Poetry: Grieving

Welcome Back

Its coming up to the one year anniversary of my loss, this is the poem I wrote about how it feels here on Planet Grief.

Loosing You

Here I lay on the floor,

My soul screaming, in a million pieces since you left.

You died, you passed, you are no longer here.

 

It was sudden, little warning.

Acknowledged by you and I but ignored by those who should have helped.

Then like a thief if the night, death took you.

Not even glancing back at the devastation, left in its wake.

 

Now, there is silence.

A hole in my life.

No welcome smile

No arms to hold and protect

No praise, no comfort, no solace

Just… silence.

 

No matter how loud I call

How hard I try

How hard I cry

Nothing, just….

Why?

 

If you too have just arrived on Planet Grief, I am truly sorry for you loss. I have posted some supportive website links in the Healing Tab under Bereavement. I especially recommend Cruse Bereavement care, they were wonderful in my darkest days.

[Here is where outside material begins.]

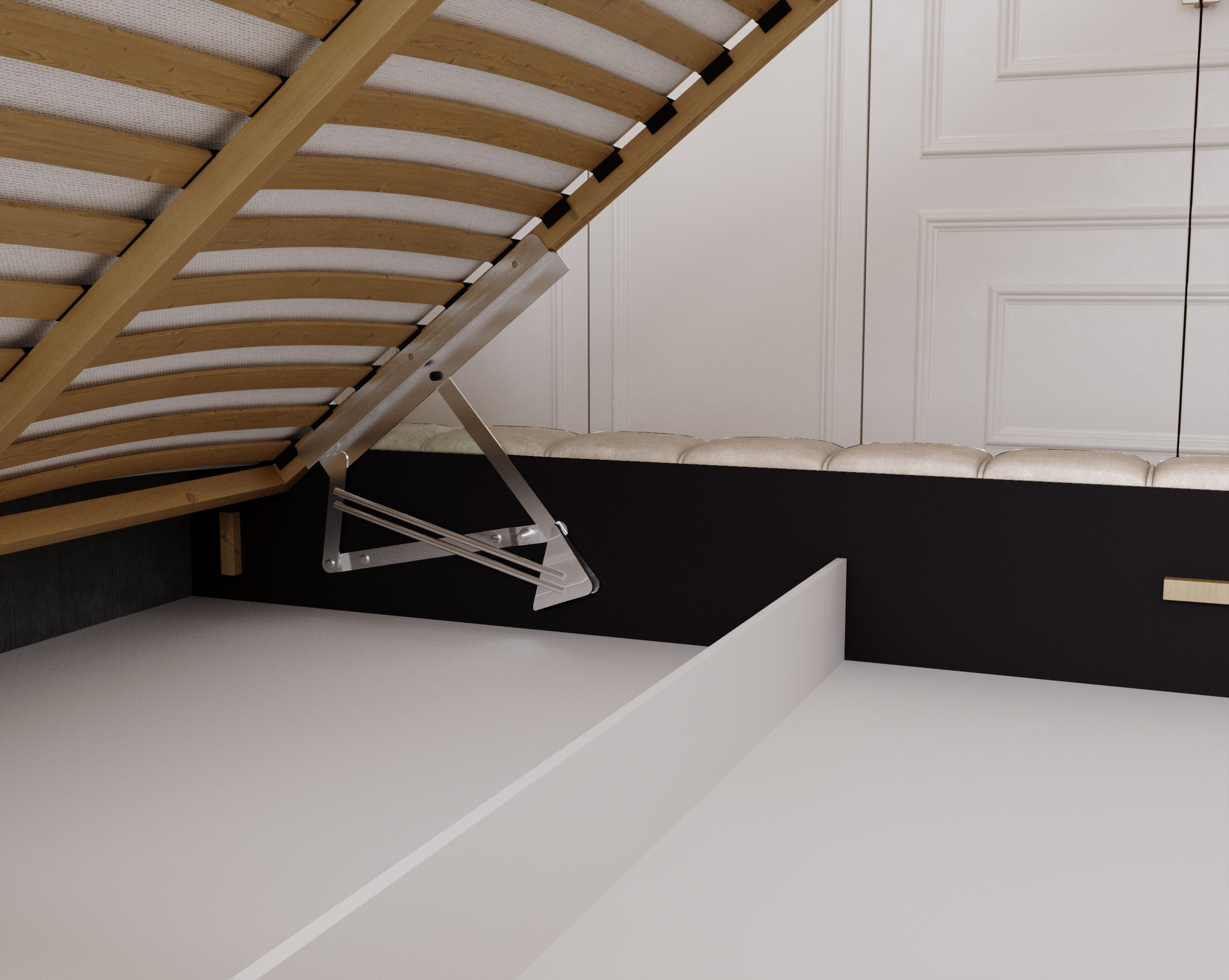 Łóżko Pretty wyposażone zostało w pojemny schowek na pościel, do którego dostęp ułatwia solidny, podnoszony stelaż. Dostępne jest w kilku rozmiarach – 120x200, 140x200, 160x200 oraz 180x200 cm – co pozwala idealnie dopasować je do przestrzeni i indywidualnych potrzeb.

I found writing helped me through some of the pain, it doesn’t stop it, but it gives you somewhere to say the things others don’t want to hear. The pain you need to let out but others avoid, trying to stop you talking about it, ‘Don’t upset yourself’ etc. For me, writing helps to ease the pain of those thoughts, helps stop them rolling around and around in my head, gives them somewhere else to go instead. If you have lost someone suddenly I can highly recommend writing as a way of finding a path through the pain and shock of it all. I have kept a journal of my feelings throughout this year of my grief and intend to do so for the coming year too.

Anniversaries of times you shared are so painful, but have often not been as I had expected them to be. Not better but different, and its learning how to find ways to be OK with different. If you find strategies along the way of your grieving, I highly recommend you write a letter to yourself of the things that got you through it. You will forget and when the next one hits, you can return to the letter for advice on ways to keep breathing, the things that helped.

Last year was our first Christmas apart, and I wrote myself a letter about how I felt, and what I did and sometimes included whys for things too. When you are in a really painful place, thinking is difficult, others often cannot begin to understand how you feel, even when they have suffered a loss themselves as each loss is unique to the individual.

Survival Tips for the Bereaved

  • Just do what you need to do to get through the next few moments as best you can.
  • Its fine to do more when you feel able, but take your time.
  • Be kind to yourself, especially if others are not helping as you need them too.
  • Remember, the expectations of others are not your expectations, let them keep them.
  • Its OK to cry, its healing, ignore those who don’t let you cry.
  • And when you need to cry but can’t put on a sad film and let the tears flow that way.
  • Put a list on the fridge of things you need help with and can’t face. If people say ‘Is there anything I can do?’ Point them at the fridge and say pick one.
  • Most importantly! Its OK to ask for help, assistance is often brief, so make the most of any that is offered.